▶ **Data to examine**:
————

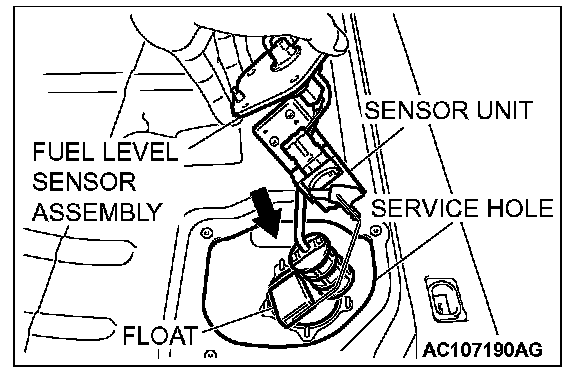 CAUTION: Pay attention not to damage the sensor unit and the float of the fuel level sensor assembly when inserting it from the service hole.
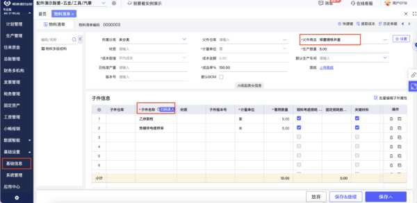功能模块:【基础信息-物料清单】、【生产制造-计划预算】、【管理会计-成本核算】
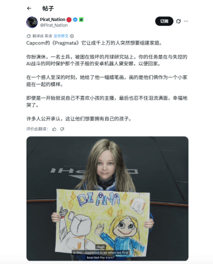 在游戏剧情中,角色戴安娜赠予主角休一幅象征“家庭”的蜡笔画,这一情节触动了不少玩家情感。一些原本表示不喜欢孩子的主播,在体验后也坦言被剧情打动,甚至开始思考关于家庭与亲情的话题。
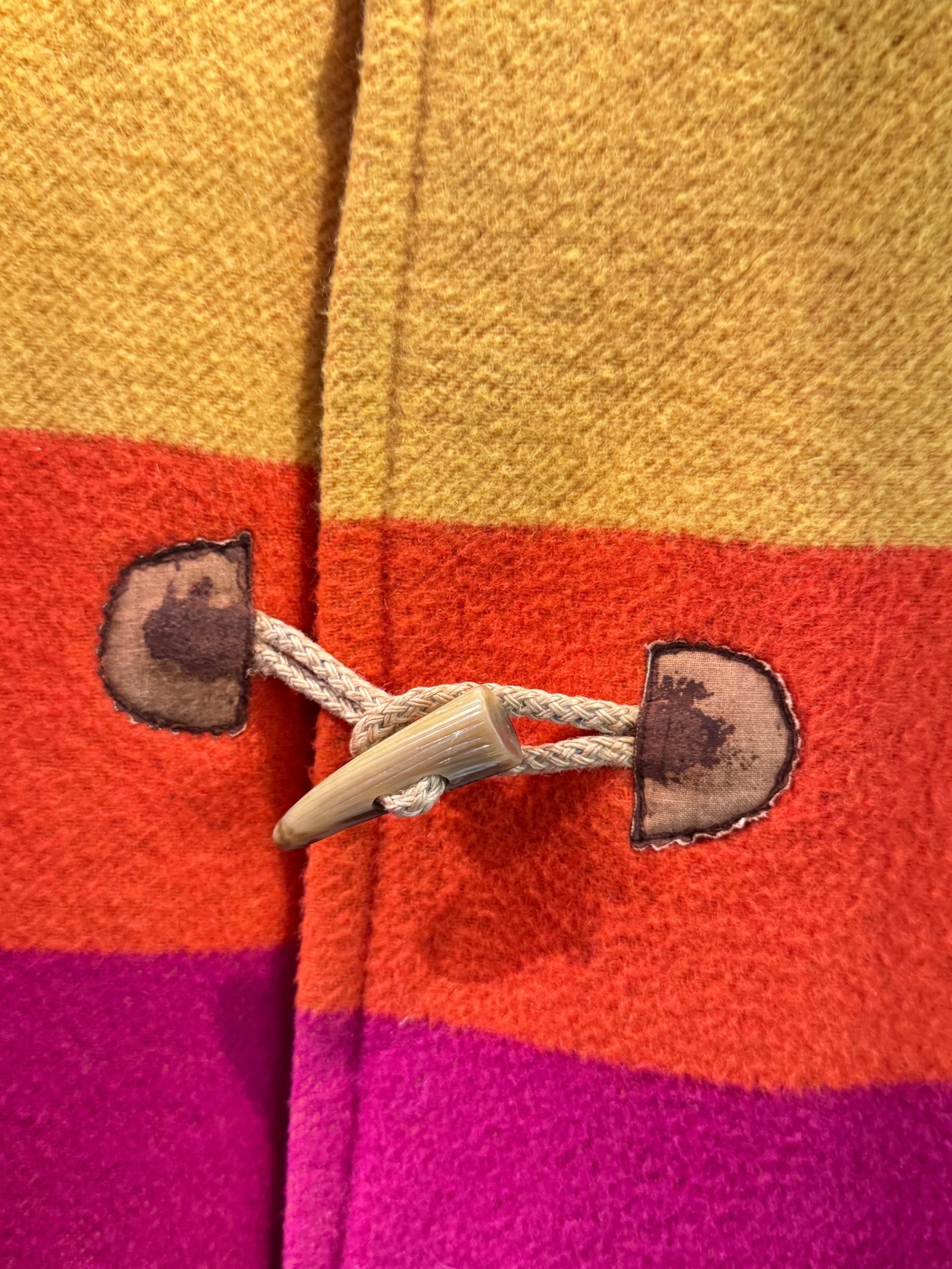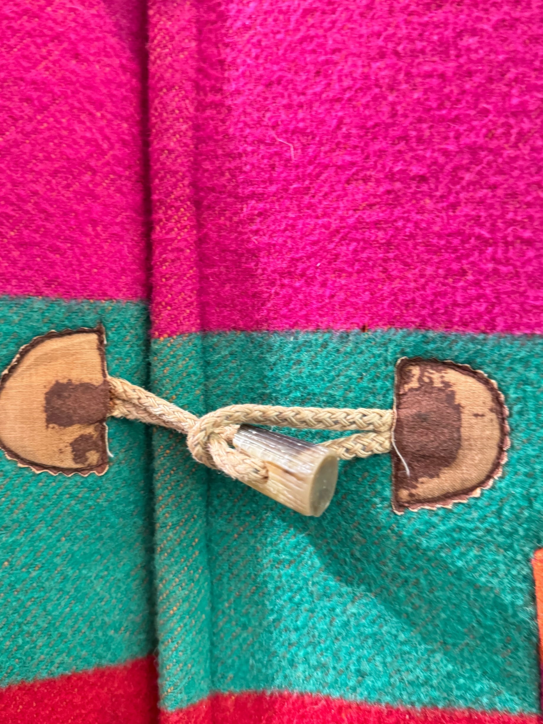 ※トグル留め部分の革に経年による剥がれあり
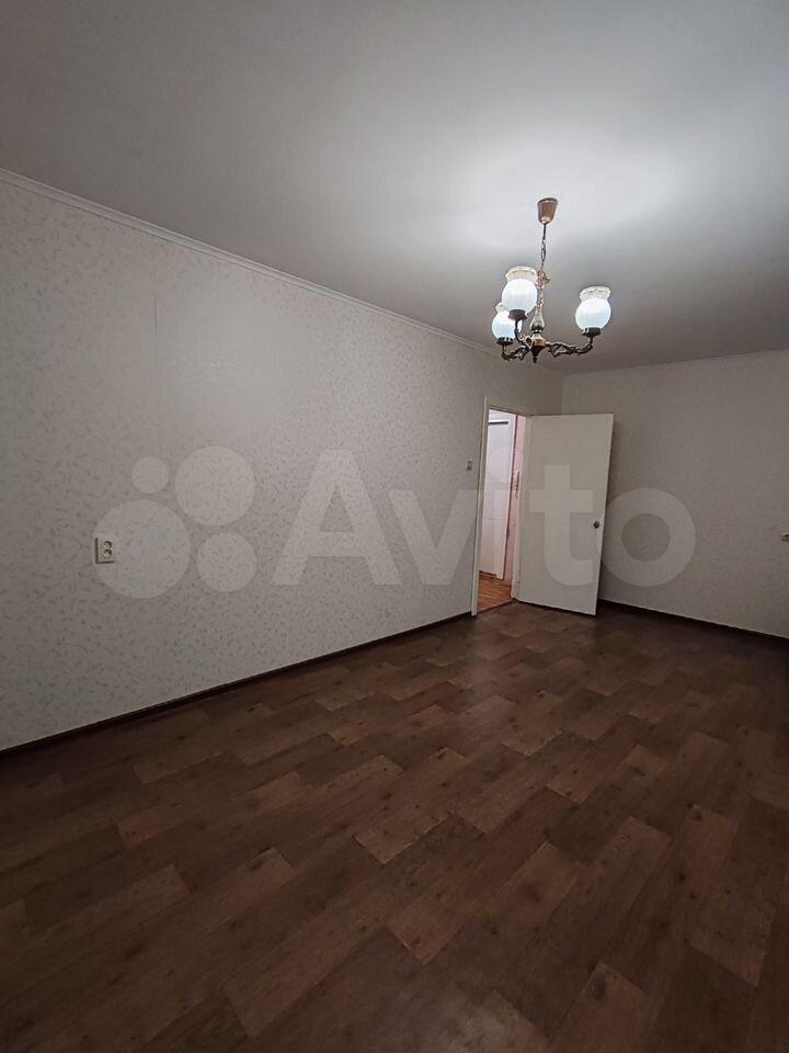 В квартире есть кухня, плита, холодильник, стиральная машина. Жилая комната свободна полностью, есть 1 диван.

————

▶ **Work instruction**:
Begin at the line that contains "在游戏剧情中,角色戴安娜赠予" and transcribe exactly, and only, each line through the final line of the data above, both included; the pictures do not go in.

▶ **Written reply**:
 在游戏剧情中,角色戴安娜赠予主角休一幅象征“家庭”的蜡笔画,这一情节触动了不少玩家情感。一些原本表示不喜欢孩子的主播,在体验后也坦言被剧情打动,甚至开始思考关于家庭与亲情的话题。
 ※トグル留め部分の革に経年による剥がれあり
 В квартире есть кухня, плита, холодильник, стиральная машина. Жилая комната свободна полностью, есть 1 диван.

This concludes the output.